Trials of a senate president
All hell would break loose in the APC thereafter. To cut a very long story short, Saraki hasn’t been forgiven for double crossing his own political party on June 9, 2015. And he’s been made to pay for it.
The former Governor of Kwara State has been hounded by the nation’s anti-graft agencies and the nation’s Code of Conduct Bureau (CCB) for alleged false declaration of assets and money laundering. His name has popped up in the Panama Papers for alleged corruption and he has just been named in the Offa bank robbery of April which led to the deaths of over 30 persons.
Pulling the same stunt in 2018
Saraki has just re-enacted his 2015 stunt in July of 2018.
There was a plot to impeach Saraki as senate president because he’s been openly flirting with the PDP and showing the opposition party plenty of skin. The plan was to strip him of the senate presidency before his defection, sources say.
On the night of Monday, July 23, 2018, signatures were collected to impeach Saraki after he had made it clear in so many words, body language and actions that he’s got one foot out of the APC door. Saraki always knew that trouble was lurking and with the APC, he’s learnt to always remain ahead of the game.
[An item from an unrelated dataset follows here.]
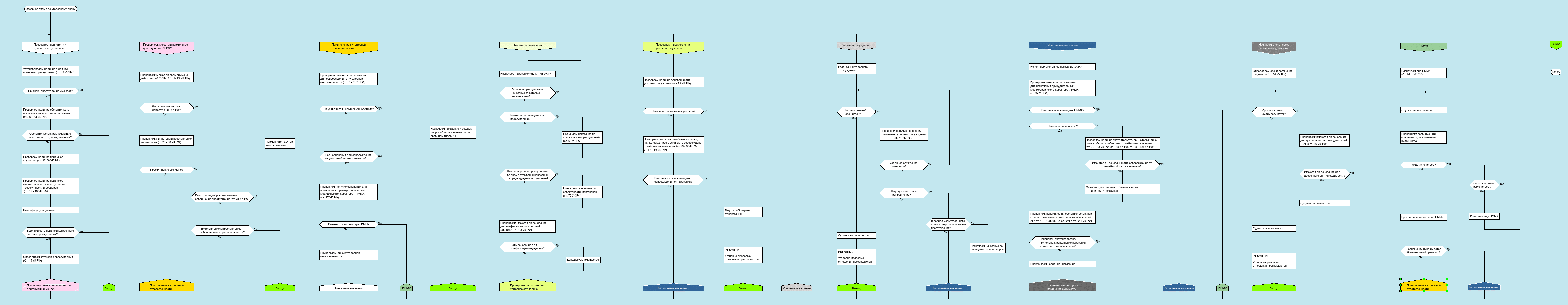 Другим положительным эффектом применения ДРАКОН-схем в преподавании уголовного права является наглядная демонстрация связи норм уголовного, уголовно-процессуального и уголовно-исполнительного права.

As the police surrounded Saraki’s residence and convoy in the Lake Chad area of Abuja in the early hours of Tuesday, July 24, 2018, the senate president was arriving the national assembly in a rickety cab; all in a bid to scupper his planned impeachment. In other words, he wasn’t even home when the police came knocking. He wasn’t a part of the convoy either.
Minutes later, Saraki was reading out the names of 15 APC senators who were defecting to the PDP.
“And if it was by the plan, I too, would not be here. It was just by the intervention of the almighty God that I was able to get myself here”, Saraki told his colleagues at the commencement of plenary.
It is striking that Saraki didn’t read out his name from the list of defectors. But rest assured he will eventually rejoin the PDP from whence he came. The man is only bidding his time and waiting for the right time. Minutes after he read out the names of 15 defectors, Saraki told Reuters that chances of his leaving the APC are "very, very high".
The game is the game
Saraki has been holding series of late night meetings with PDP politicians. He has openly called out the presidency and his party executives and he’s now gone for broke by presiding over the defection of APC senators.
Saraki’s brand of politics doesn’t win him many friends. His methods can be viewed as detestable from a moral standpoint. However, you don't get very far in politics by playing nice. Saraki is shrewd, manipulative, cunning and ambitious. He’s always been that way.
And he loves a good fight. He came face to face with his late dad, Olusola Saraki, politically and won. He’s sparred with members of his family politically and won. For Saraki, the end often justifies the means. For Saraki, the game is the game. It’s not often pretty, but it works.
Saraki has just outsmarted the APC again and claimed a new scalp. It’s what he loves doing. In the days ahead, he could be sparring with Atiku for the presidential ticket of the PDP and all bets should really be off.
Politicians surely don’t come any smarter than Saraki. His knowledge of the game could become his Achilles heel in the long run, but his political nous is so underrated, it's mind boggling.